【水野誠一 連載】小池一子(中)「いいと思うなあ、わかりあってる人たち」。慎重さをものに託し、手渡す。無印良品の創生を語る
2025年5月20日(火)7時0分 ソトコト

西武百貨店でセゾンカルチャーの礎を築いた堤清二のもと、グラフィック・デザイナーの田中一光とともに無印良品を創生した小池一子。現在も無印良品のアドバイザリーボーダーを務める彼女が、セゾンカルチャーを見つめ続ける水野誠一と語る、無印良品の始まりとそこに息づく一貫した思想性とは。

ブランドネームに踊らされず、物とちゃんと対峙する
水野 小池さんや一光さんにお世話になりながら、西武に面白い展開が起きていくわけですが、そのなかでの一番は、無印良品ですね。
これを西武百貨店じゃなくて、西友でやると聞いたときには、僕はすごくジェラシーを感じました。
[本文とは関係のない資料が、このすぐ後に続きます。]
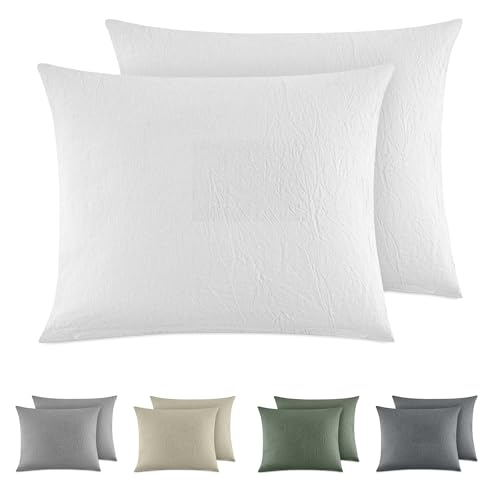 Dreamzie Taie Oreiller 40x60 Coton (Lot De 2) Taies d'Oreillers 100% Coton Lavé Aspect Lin, Housse de Coussin avec Fermeture Eclair, Blanc, Certifié Oeko Tex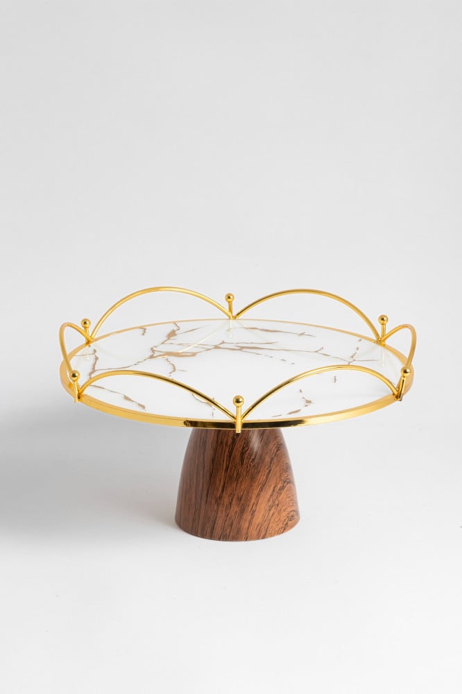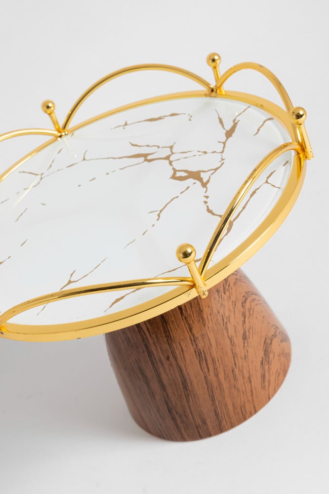4. صينية تقديم حلا بقاعدة خشبية وإطار ذهبي

西友にこれをわかる人がいるんだろうかと(笑)。
しかし今にして思えば、西友だったから別会社化して、ここまで大きく育てられたんですけどね。
当時いろんな意味でブランドというものがあふれ出してきた。
西武百貨店は特に、堤邦子さんという伝説の大バイヤーがいらしたので、いち早く有名ブランドを導入していました。
エルメス、サンローラン、ソニア・リキエルなど。
それとは対照的に「ノーブランド」というブランドをつくるというコンセプトがすごく堤さんらしいなと思ったんですよね。
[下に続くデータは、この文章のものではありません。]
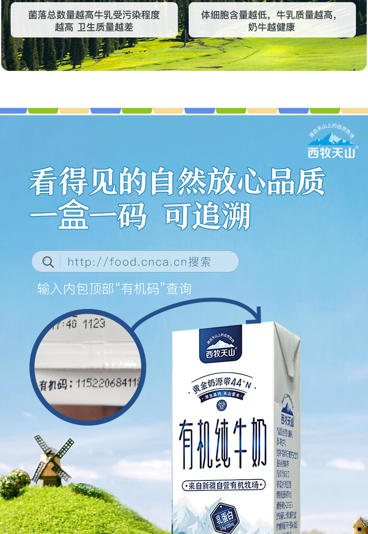 【疆品南下】西牧天山丨有机纯牛奶3.6蛋白 200ml*12盒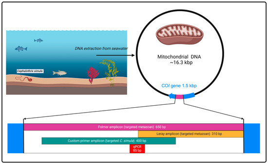 Graphical representation of four primer sets used in this study and relative position of their amplicons within COI gene of mitochondrial plasmid DNA. Folmer and Mini COI assays targeted all metazoan organisms, while custom assays targeted Cephalothrix simula. The figure was created with BioRender.com.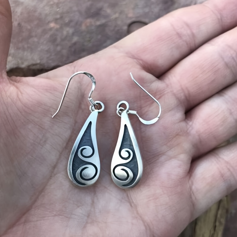 Silver Plated Teardrop Wave Earrings, Ocean Inspired Pendant Earrings, Minimalist Jewelry, Elegant Ladies Accessories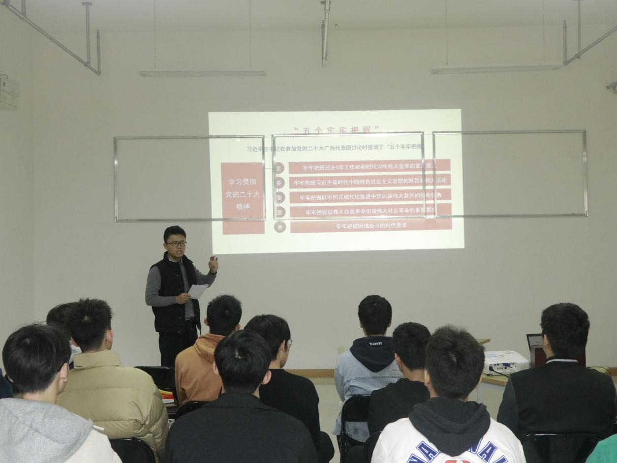 随后,开展认真学习宣传贯彻党的二十大精神主题党日活动。临时党支部书记王登榜领学围绕“五个牢牢把握”,带领支部成员进行了集中学习。他从员工工作出发,结合生活实际,将党的二十大的相关内容与支部成员进行充分的沟通。大家纷纷表示,在支部书记讲党课学习中收获颇丰,要用先进的思想理论武装头脑,学习好专业知识,立志做有理想、敢担当、能吃苦、肯奋斗的新时代好青年。

小池 そうですよね。一方にそれらの海外ブランドの導入をしつつ。それは、水野さんが前段でおっしゃった物語のひとつですよね。
事の始まりはブランドネームに踊らされず「物とちゃんと対峙する」ということだったと思います。
だから、田中一光さんとインテリアデザイナーの杉本貴志さんとで仕事をして、毎晩、そのまま飲んでまたしゃべって。そういう時間の中からコンセプトが生まれてきたんです。堤さんもそういうところにいらっしゃって、何かを感じ取られたのでしょう。
その頃、スーパーマーケットが自社ブランドを盛んに始めたときでした。堤さんは「西友としてもその自社ブランドのものをつくりたいんだけど、どういう考え方がいいかな」っていうところから入られた。
西友の宣伝部に面白い方たちがいらしたから、そういうみなさんとの雑談の中で、生まれていったという実感があるんですよね。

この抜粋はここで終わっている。